Status page generator — Python Lambda queries CloudWatch via GetMetricData, writes status.json to S3 on a schedule.
Status page frontend — static HTML/CSS/JS on S3, fronted by CloudFront with an ACM cert, at status.markandrewmarquez.com.
IaC — Terraform 1.5+, AWS provider 5.x, archive provider 2.x for zipping the canary script.
DNS — GoDaddy CNAME pointing at the CloudFront distribution (the one manual step in the whole build).

03 // Architecture Overview

                 ┌──────────────────────────────┐
                 │  CloudWatch Synthetics Canary │
                 │     (1 canary · 30 min)      │
                 └──────────────┬───────────────┘
                                │  executeHttpStep × 7
                ┌───────────────┼───────────────┐
                ▼               ▼               ▼
        portfolio-site   github-status   ms-graph-api   …
                │               │               │
                └──────────┬────┴────┬──────────┘
                           ▼         ▼
                  SuccessPercent metric  (per step)
                           │
              ┌────────────┼────────────┐
              ▼                         ▼
      CloudWatch Alarms         Lambda (5 min schedule)
              │                         │
              ▼                         ▼
           SNS topic             status.json on S3
              │                         │
              ▼                         ▼
           Email inbox         CloudFront + ACM
                                        │
                                        ▼
                     status.markandrewmarquez.com

04 // The Single-Canary Trick

This is the piece of the architecture I'm most happy with. Synthetics bills per canary run, not per step. A canary that runs every 30 minutes costs roughly the same whether it checks one endpoint or ten. The catch is that a naive implementation — a single fetch() loop with a pass/fail return — gives you one metric for the whole canary, so you can't tell which endpoint broke.

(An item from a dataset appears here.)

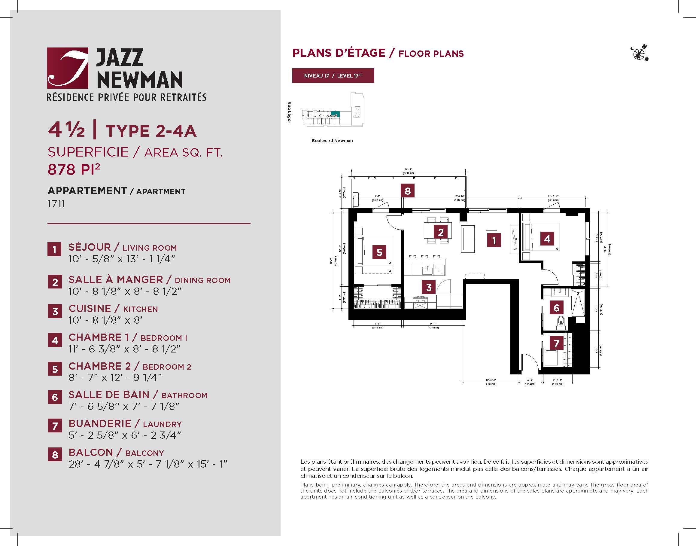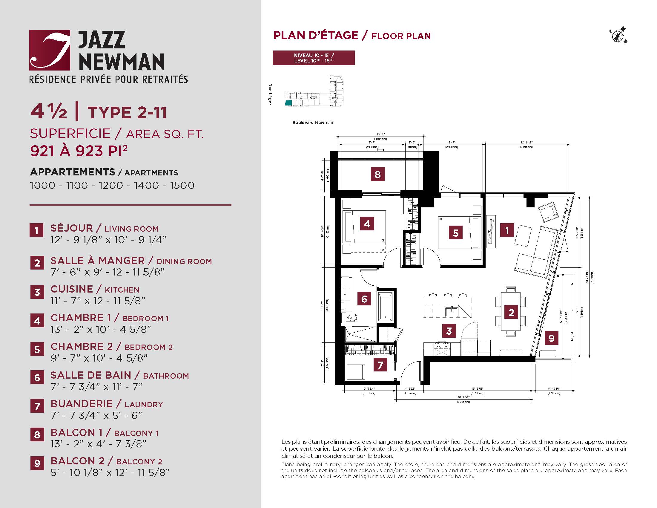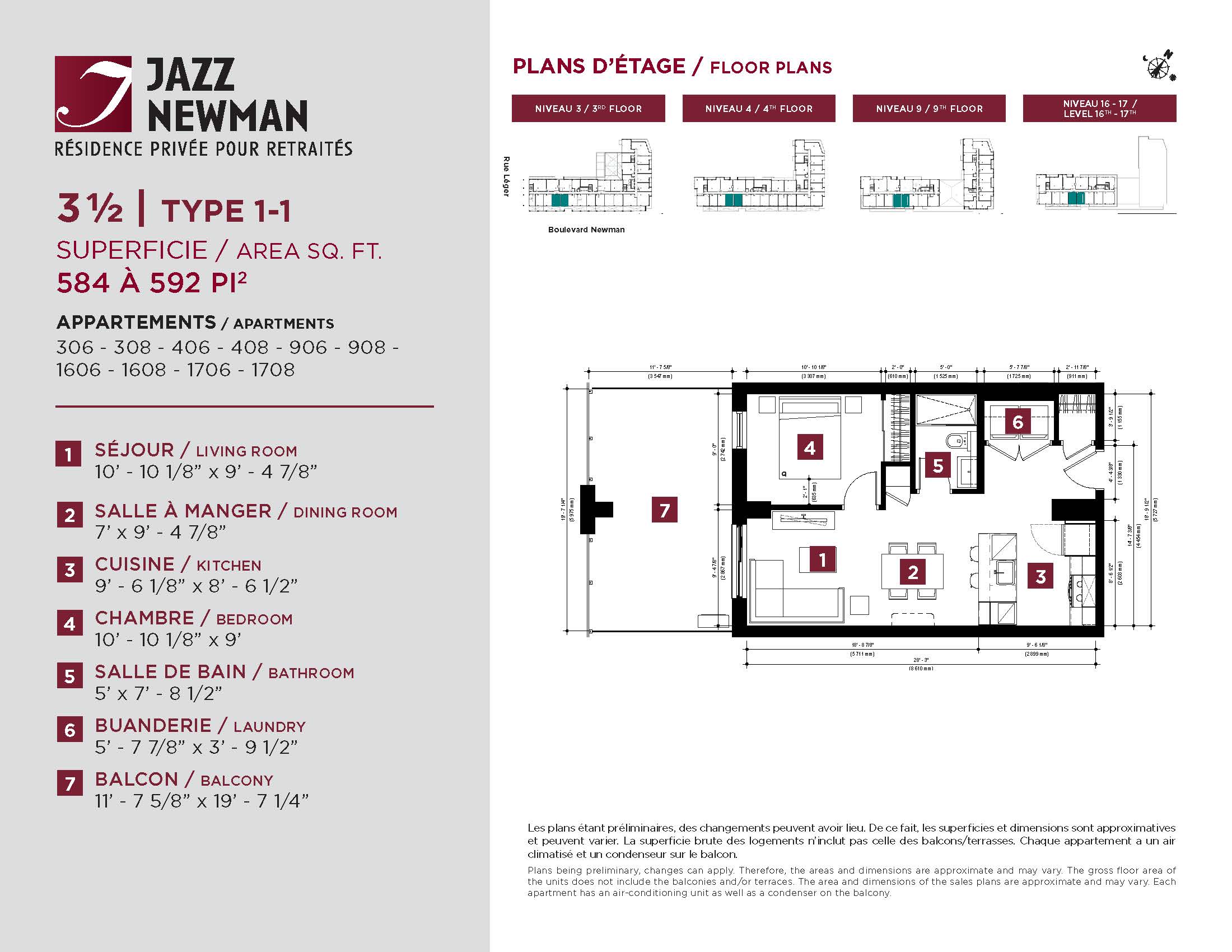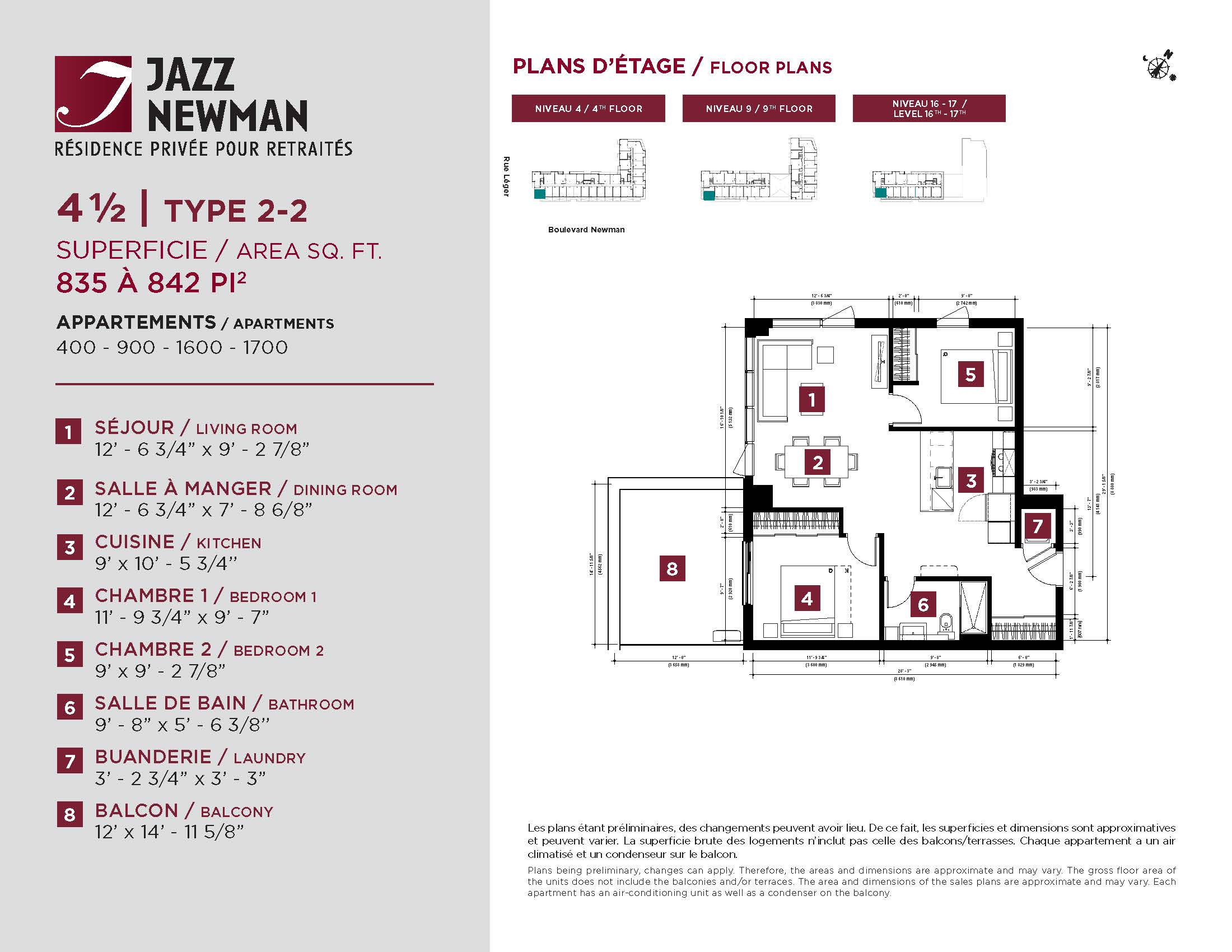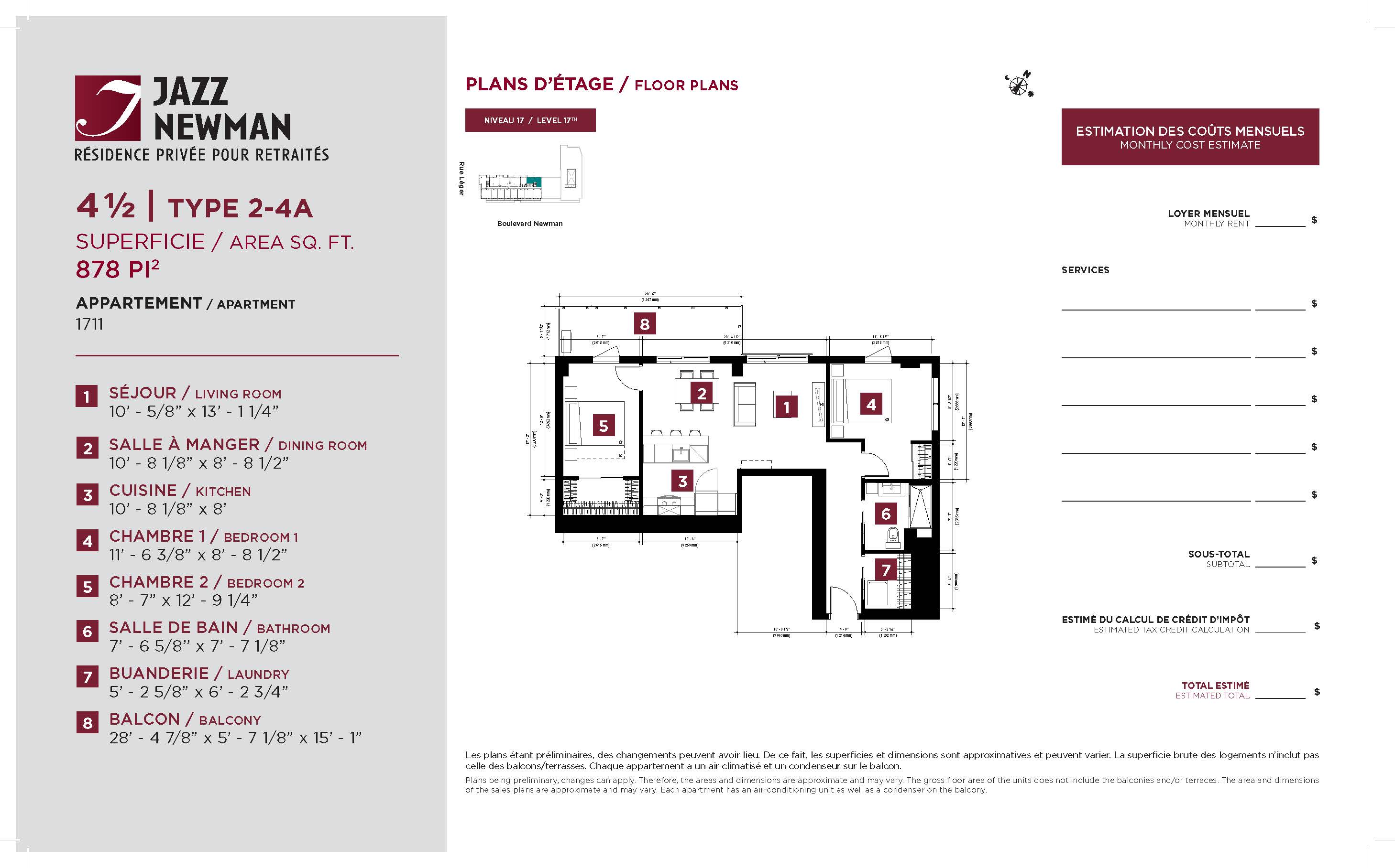* Availability of apartments to be confirmed with your rental advisor. Care units available. Prices may be subject to change without notice. Apartments eligible for the tax credit for home support offered by Revenu Québec. Additional charges apply to certain apartments, where the addition of services is mandatory.

The fix is executeHttpStep(). Each call emits its own SuccessPercent metric in CloudWatch, dimensioned by CanaryName and StepName. So one canary, seven steps, seven independent metrics, seven independent alarms — for the price of one canary run. The script iterates over the monitors list and calls executeHttpStep once per endpoint:

const monitors = ${jsonencode(monitors)};

exports.handler = async () => {
  for (const monitor of monitors) {
    const url = new URL(monitor.url);

    const requestOptions = {
      hostname: url.hostname,
      path:     url.pathname + url.search,
      port:     url.port || (url.protocol === 'https:' ? 443 : 80),
      protocol: url.protocol,
      method:   'GET',
      headers:  { 'User-Agent': 'Amazon-CloudWatch-Synthetics' },
    };

    const stepConfig = {
      includeRequestHeaders:  false,
      includeResponseHeaders: false,
      includeRequestBody:     false,
      includeResponseBody:    monitor.type === 'api',
      continueOnStepFailure:  true,
    };

    await synthetics.executeHttpStep(
      monitor.name,
      requestOptions,
      validateResponse(monitor),
      stepConfig
    );
  }
};

Two subtleties I only found after breaking things:

continueOnStepFailure: true is non-negotiable. Without it, the first failing endpoint aborts the whole canary run and every endpoint after it gets no metric — which means the remaining alarms would silently flip to "insufficient data" whenever the first endpoint was actually down. You want the canary to keep going through the list even when something is broken.
includeResponseBody has to be true for API checks. Otherwise response.body is empty inside the validation callback and you can't do JSON validation on things like the GitHub Status or Azure DevOps health endpoints. For website-type checks it stays false to avoid hauling HTML back through CloudWatch.

05 // Endpoint Selection

Seven endpoints, chosen to reflect the services I actually touch in a normal week — not a synthetic "demo" list:

portfolio-site — markandrewmarquez.com. Website check — simple HTTP 200.
github-status — www.githubstatus.com/api/v2/status.json. API check — validates status.indicator exists in the JSON.
ms-graph-api — graph.microsoft.com/v1.0/$metadata. API check — validates the XML contains the microsoft.graph namespace. The $metadata endpoint is unauthenticated and returns the service schema, so it's a clean liveness signal for the Graph API without needing a tenant token.
azure-devops-status — status.dev.azure.com/_apis/status/health. API check — validates the JSON has a status field. Azure's main status page (azure.status.microsoft) is client-side rendered with no public JSON, so Azure DevOps is the closest public health API I could wire up.
docker-hub — hub.docker.com. Website check. If this goes down, half my CI does too.
ollama-registry — registry.ollama.ai. Website check. Feeds the local Ollama install on my AI assistant PC.
m365-portal — www.office.com. Website check. The tenant-level M365 Service Health API requires ServiceHealth.Read.All, so the front-door HTTP check is the right proxy for "is M365 reachable from the public internet".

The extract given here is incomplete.